- Instructions to follow
Print nothing but the lines from the start of the listing below through the line that contains "TEL AVIV, ISRAEL, SEPTEMBER". Do not include the pictures.

- - -

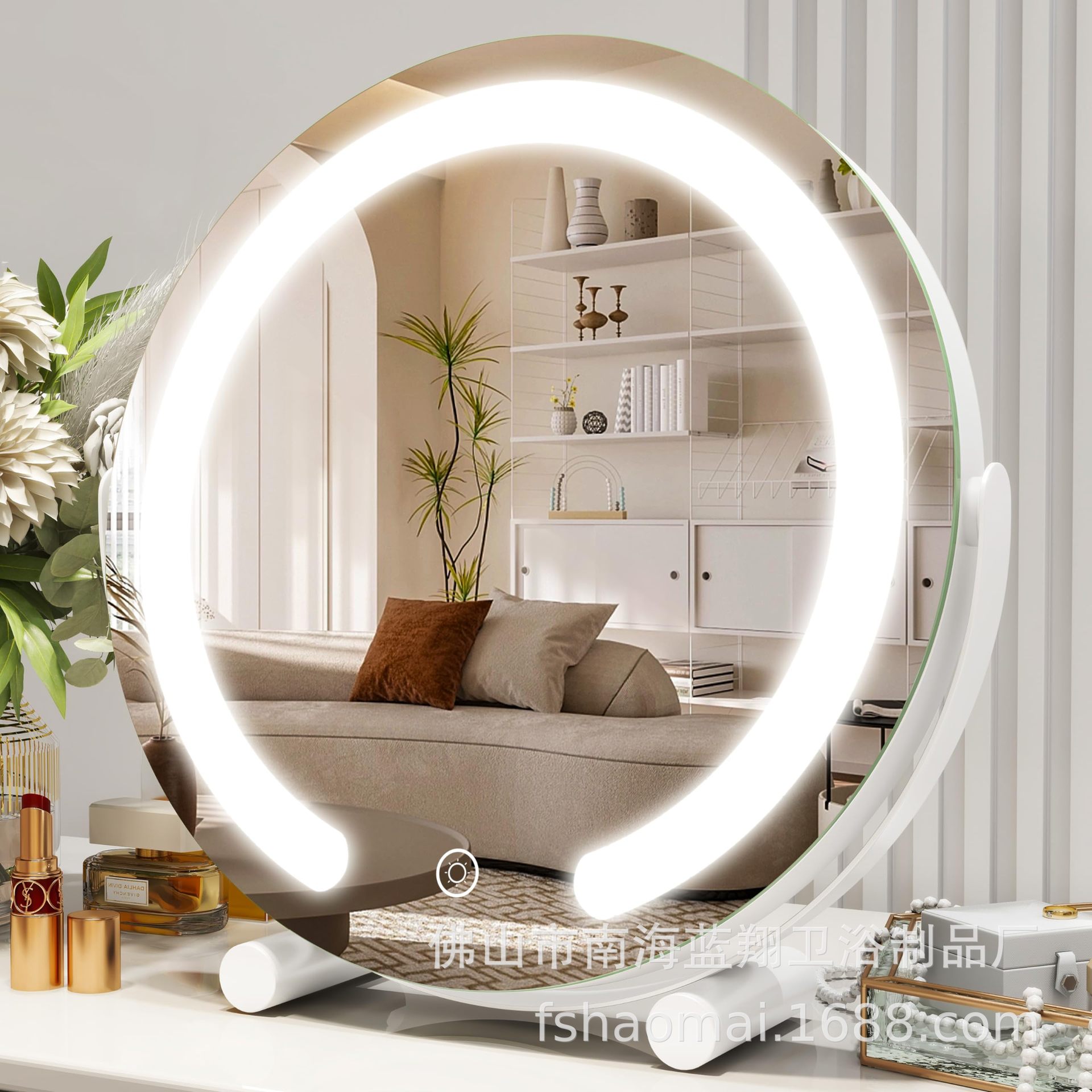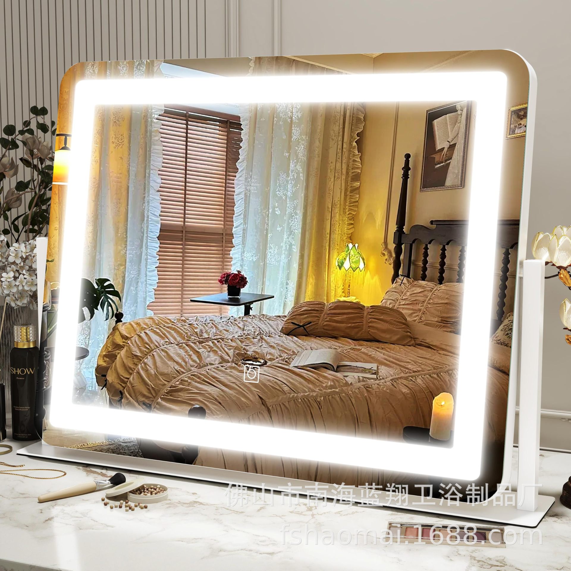 LEDライト付き大型卓上化粧鏡、軽量高級寝室用補光化粧鏡、スマート化粧鏡
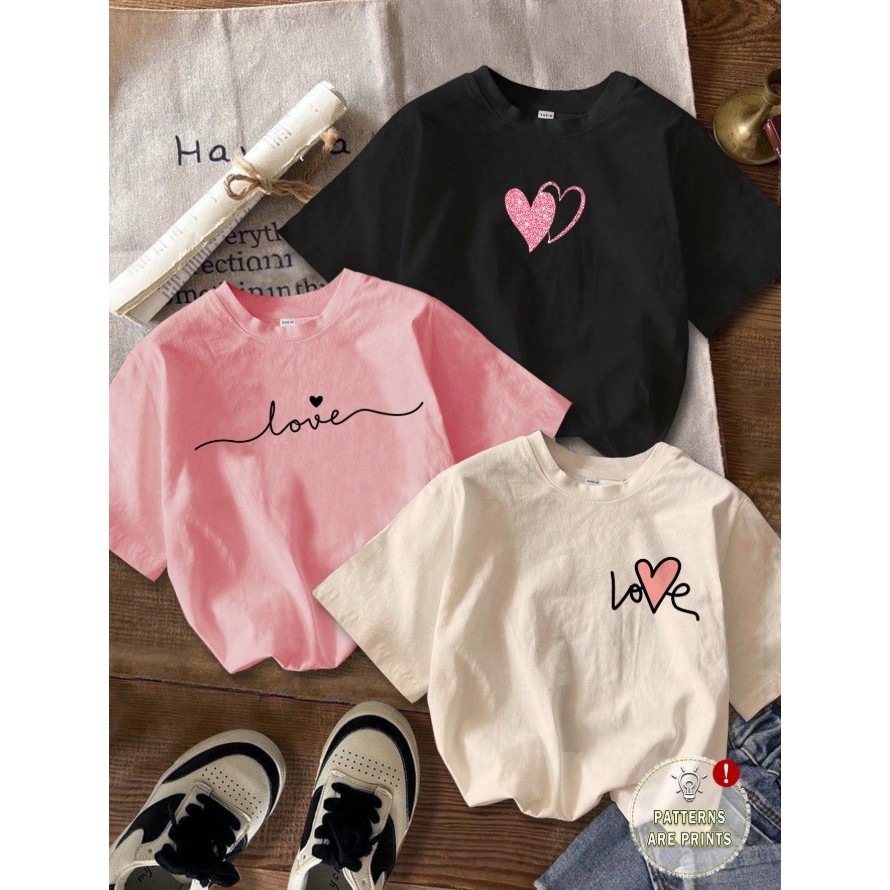 Kit 3 Camiseta Feminina T-shirt Infantil Básica Algodão Love Coração | Enviamos De Imediato
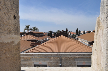 TEL AVIV, ISRAEL, SEPTEMBER 10, 2018: View of wooden houses of Sarona market in Tel Aviv, Israel
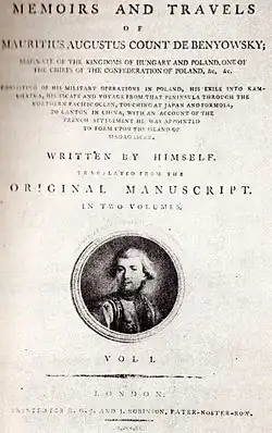 Historya podroży y osobliwszych zdarzen sławnego Maurycego-Augusta hrabi Beniowskiego, szlachcica polskiego y węgierskiego: zawieraiąca w sobie jego czyny woienne w Polszcze, w czasie konfederacyi barskiey, wygnanie iego nayprzód do Kazanu, potym do Kamszatki, waleczne iego z tey niewoli oswobodzenie się, żeglugę iego przez Ocean Spokoyny do Japonii, Formozy, Kantonu w Chinach, założenie nareszcie przez niego osady na wyspie Madagaskar ze zlecenia francuzkiego rządu, iego na tey wyspie woienne wyprawy, ogłoszenie go nareszcie najwyższym Madagaskaru rządcą z francuzkiego tłomaczona[26][27]
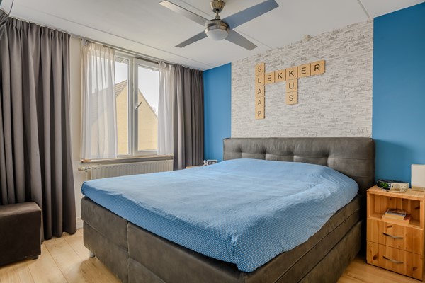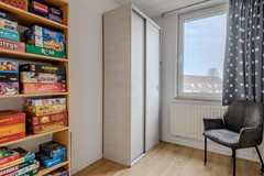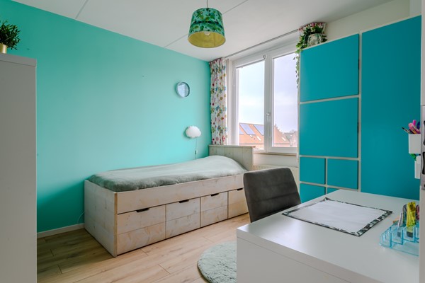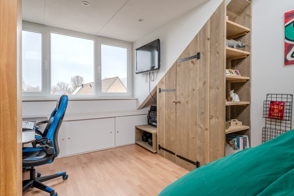 De zolderverdieping is bereikbaar via een dichte vaste trap. Door de grote dakkapel met rolluiken is er op deze verdieping een lichte en royale vierde slaapkamer gecreëerd met extra opbergruimte. Op de voorzolder is er bergruimte, een mogelijke werkplek en plaats voor de wasmachine, de droger en de CV -installatie. Ook hangt hier de airco, op een strategische plek, zodat ook de eerste verdieping op de warme dagen gekoeld wordt.
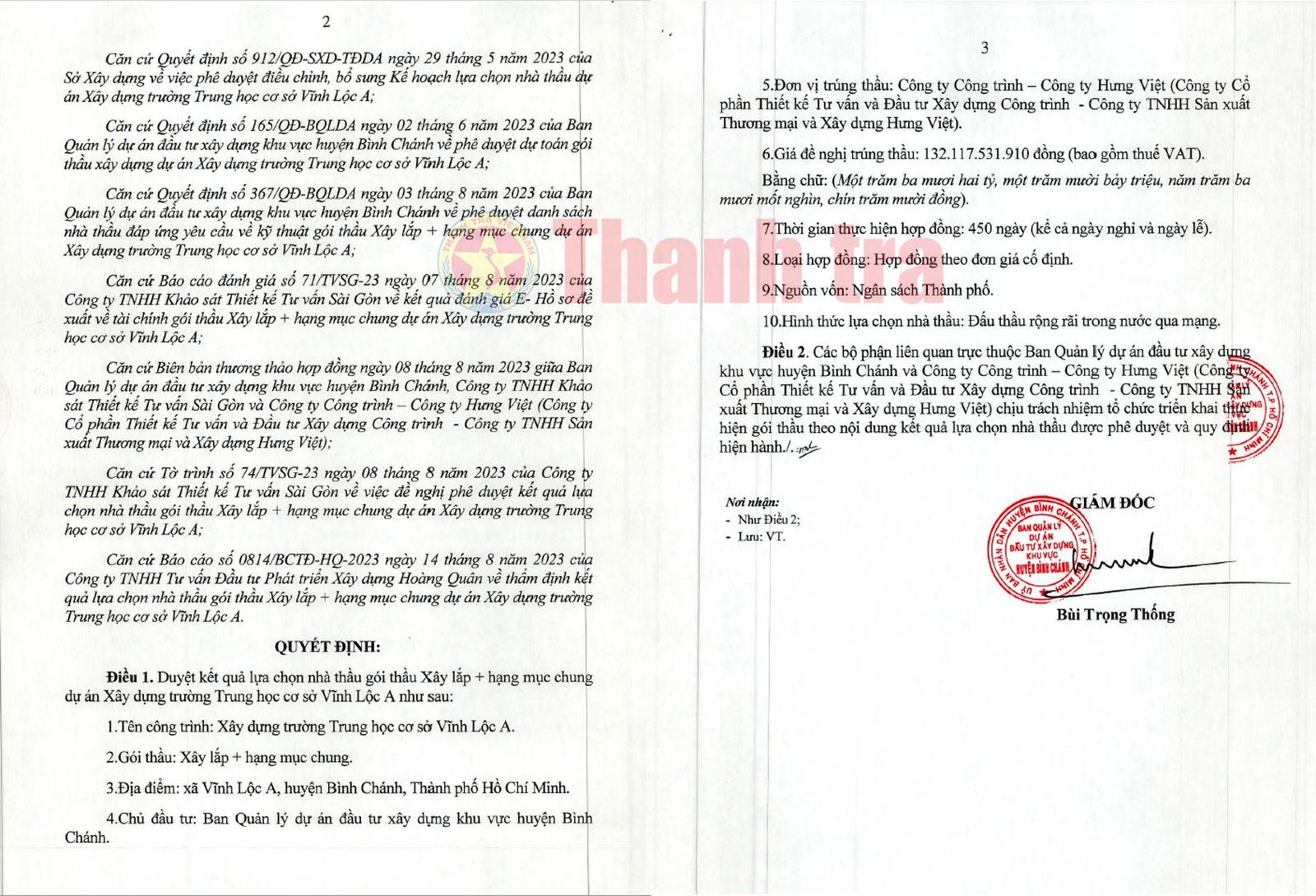 Hay tại gói thầu xây lắp + hạng mục chung thuộc dự án xây dựng Trường Trung học cơ sở Vĩnh Lộc A, ngày 21/8/2024, ông Bùi Trọng Thống - Giám đốc BQLDA huyện Bình Chánh đã ký quyết định phê duyệt cho Liên danh Công ty CP Thiết kế tư vấn và Đầu tư xây dựng Công trình - Công ty TNHH Sản xuất, Thương mại và Xây dựng Hưng Việt trúng thầu với giá hơn 132,117 tỷ đồng (giá gói thầu là hơn 132,293 tỷ đồng); tiết kiệm cho ngân sách Nhà nước được khoảng 175 triệu đồng, tương đương 0,13% giá gói thầu…
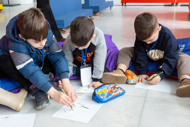 Sergide yer alan resimlerin anlatıldığı etkileşimli gezinin ardından minikler ‘Hayal et resmet’ atölyesine katıldı.
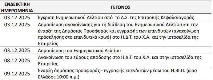 Το χρονοδιάγραμμα της Δημόσιας Προσφοράς
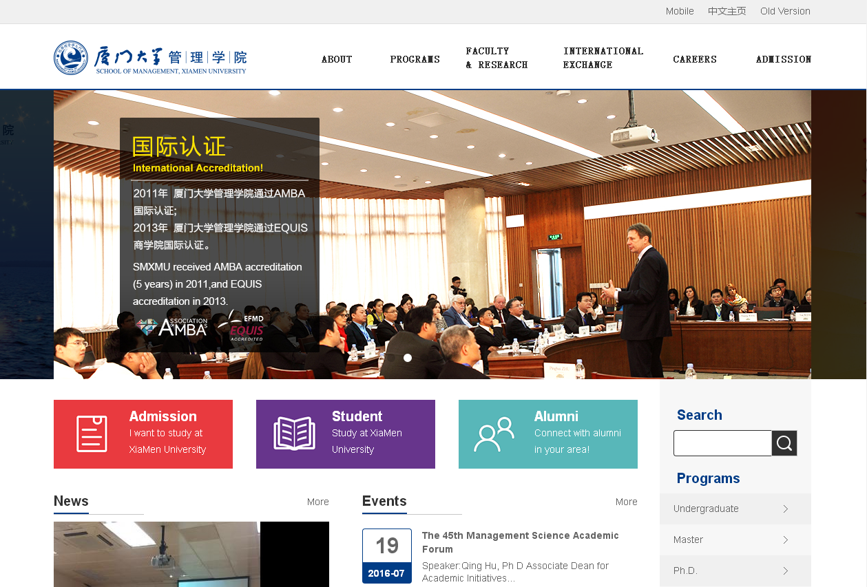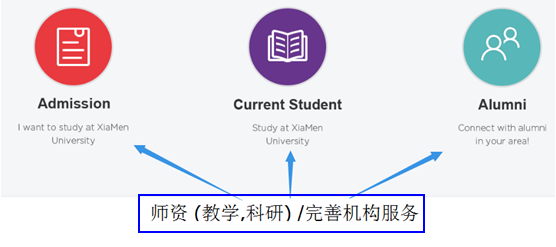 面向管理学院“潜在的学生”、“在校学生”和“校友”三方面的访问者提供信息服务。
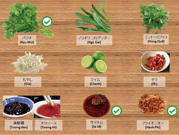 ここで、タムタムから教わったフォーのトッピング表をもう一度見てみましょう。
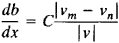 In the initial region of the jet, where x < xn, the boundary layer expands but does not reach the axis of flow. The velocity v is constant near the axis and is equal to the velocity at the nozzle orifice. In the transition region (xn < x ≤ xp), viscous mixing spreads over the entire jet flow and the flow velocity along the axis decreases, but the velocity profiles are not yet stabilized. In the main region (x > xp), the flow velocity along the axis continues decreasing, but the profiles of the relative velocity Δv/Δvm = f(y/b) become constant. In these profiles, Δv = v – vn and Δvm = vm – vn correspond to the excess velocities at a particular point in the flow and along the jet axis. The jet expands in the main region in the same way that the boundary layer expands in the initial region of turbulent flow, that is, in proportion to the average amount of flow turbulence
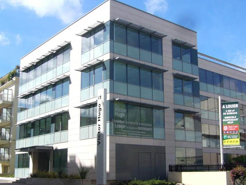 Remplacement des façades par un mur rideaux mixte en verres et pierres agrafées. Climatisation double flux par détente directe (VRV de Daikin).
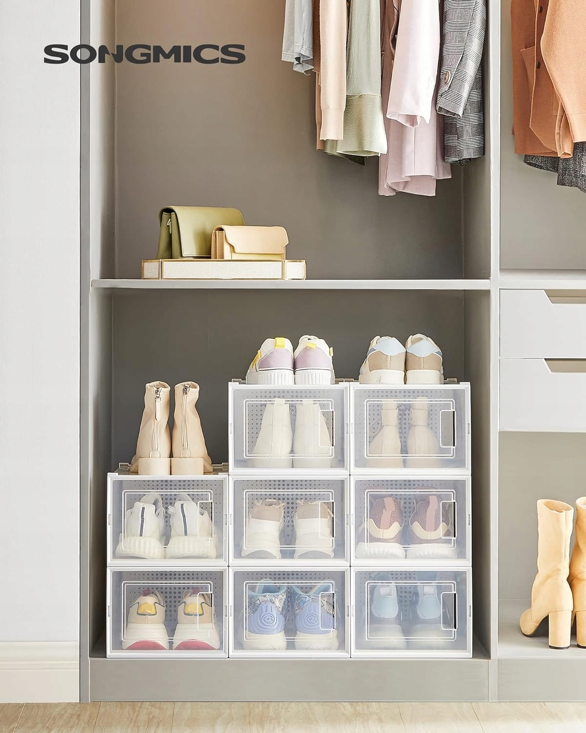Набір із 8 прозорих органайзерів для взуття | Модульні коробки Songmics

- - -

- Response area
 LEDライト付き大型卓上化粧鏡、軽量高級寝室用補光化粧鏡、スマート化粧鏡
 Kit 3 Camiseta Feminina T-shirt Infantil Básica Algodão Love Coração | Enviamos De Imediato
 TEL AVIV, ISRAEL, SEPTEMBER 10, 2018: View of wooden houses of Sarona market in Tel Aviv, Israel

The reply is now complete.